- _Extracted records_
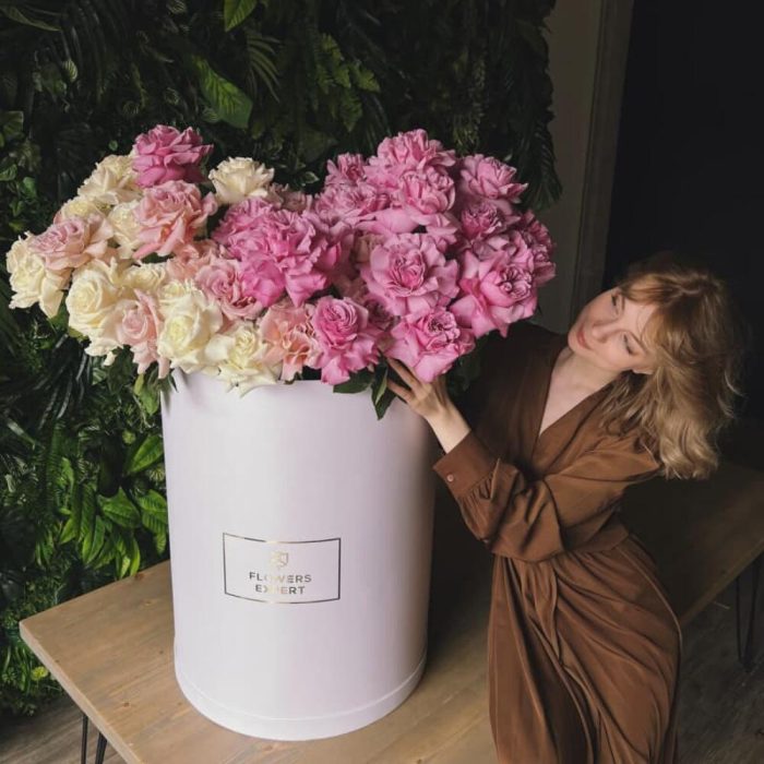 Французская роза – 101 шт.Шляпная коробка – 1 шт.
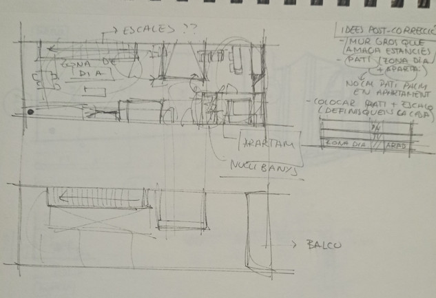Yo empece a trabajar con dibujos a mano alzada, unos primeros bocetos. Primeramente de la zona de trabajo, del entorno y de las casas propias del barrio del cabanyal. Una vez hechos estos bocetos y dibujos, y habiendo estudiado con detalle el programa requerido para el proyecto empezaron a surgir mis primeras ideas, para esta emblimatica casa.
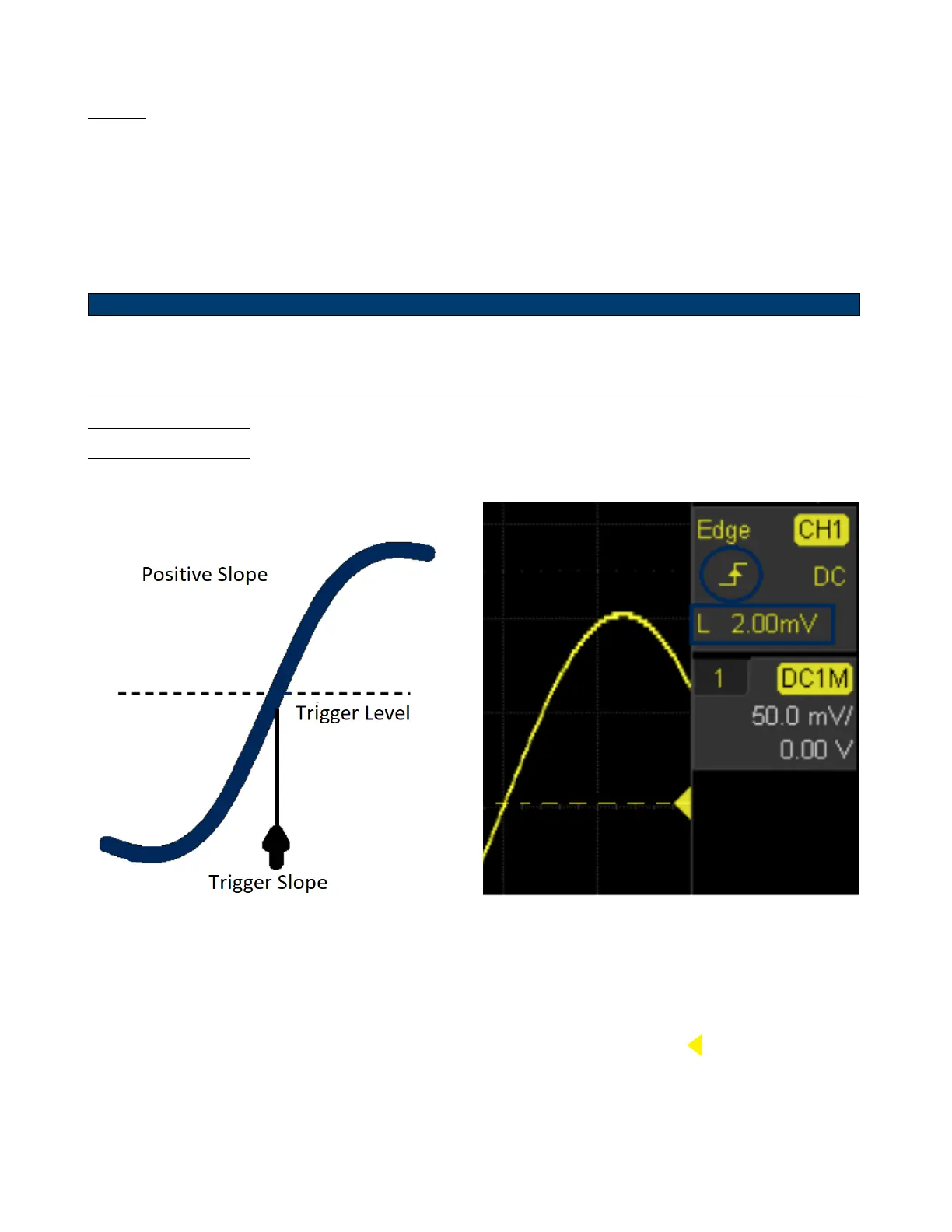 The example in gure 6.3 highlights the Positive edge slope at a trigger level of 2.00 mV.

==

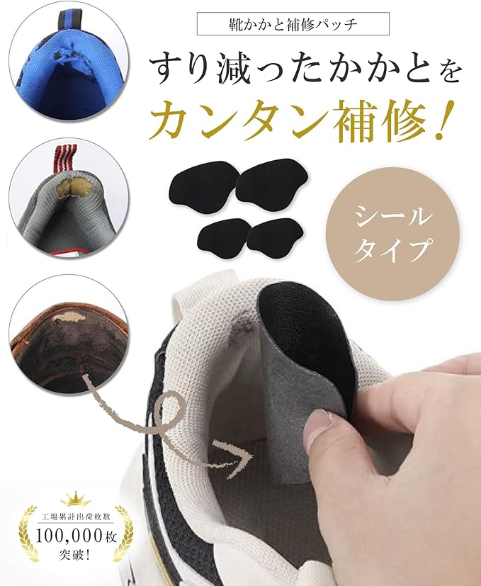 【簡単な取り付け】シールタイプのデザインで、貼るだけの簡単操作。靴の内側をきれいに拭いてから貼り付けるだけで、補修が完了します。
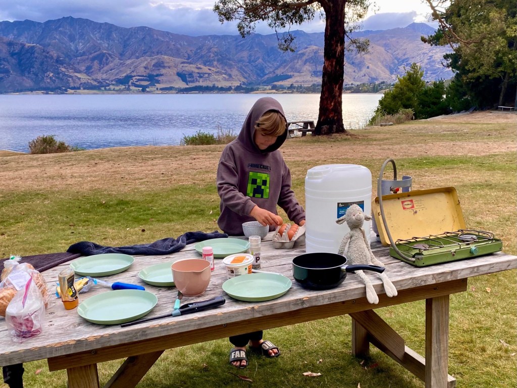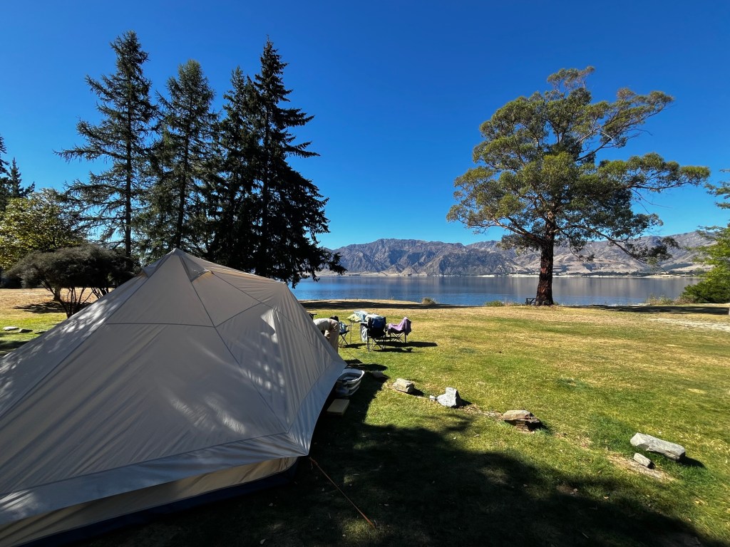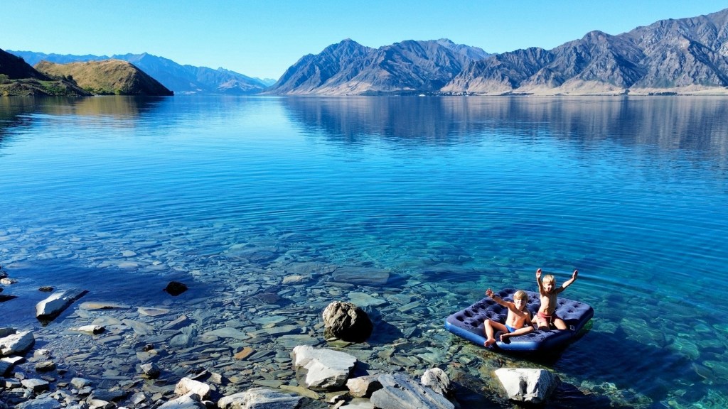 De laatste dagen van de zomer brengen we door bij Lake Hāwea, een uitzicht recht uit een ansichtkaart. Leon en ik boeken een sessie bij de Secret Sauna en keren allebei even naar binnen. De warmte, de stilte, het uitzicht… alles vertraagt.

- _Exercise prompt_
Working from the entries above, reproduce exactly and only the lines beginning with the line that has "Французская роза –" and ending with the line that has "The example in"; omit all pictures.

- _Output of the exercise_
 Французская роза – 101 шт.Шляпная коробка – 1 шт.
Yo empece a trabajar con dibujos a mano alzada, unos primeros bocetos. Primeramente de la zona de trabajo, del entorno y de las casas propias del barrio del cabanyal. Una vez hechos estos bocetos y dibujos, y habiendo estudiado con detalle el programa requerido para el proyecto empezaron a surgir mis primeras ideas, para esta emblimatica casa.
 The example in gure 6.3 highlights the Positive edge slope at a trigger level of 2.00 mV.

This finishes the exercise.